Microsoft planeó originalmente implementar un sistema de licencias digitales para la gestión de juegos en la consola Xbox One. Bajo este esquema, incluso las copias físicas de los títulos habrían operado bajo un modelo de licencias vinculadas a la cuenta del usuario, alterando la forma en que tradicionalmente se comercializan y comparten los juegos en formato físico.
¿Cómo funcionaba la propuesta de licencias digitales?
La estrategia de Microsoft buscaba que todas las ediciones físicas de Xbox One funcionaran como licencias digitales. De acuerdo con la información disponible, este sistema pretendía que el disco físico actuara únicamente como un soporte para la instalación, mientras que la propiedad del software quedaría ligada permanentemente al perfil del jugador en el ecosistema de la consola. Este cambio estructural habría limitado la naturaleza del mercado de segunda mano y la capacidad de los usuarios para prestar o vender sus discos de forma independiente, un estándar que ha definido a la industria del entretenimiento físico durante décadas.
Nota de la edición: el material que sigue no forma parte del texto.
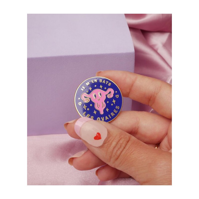 ✨ Pin's bleu, rose et doré à clipser incription "Je m'en bats les ovaires"

Contexto del modelo de Xbox One
La intención de Microsoft formaba parte de una visión más amplia para la arquitectura de Xbox One en sus etapas de desarrollo. Al convertir las ediciones físicas en licencias digitales, la compañía buscaba centralizar el control de los derechos de uso de los juegos. Este enfoque técnico habría requerido una validación constante de la licencia a través de la red, transformando el comportamiento del hardware respecto a los medios físicos tradicionales.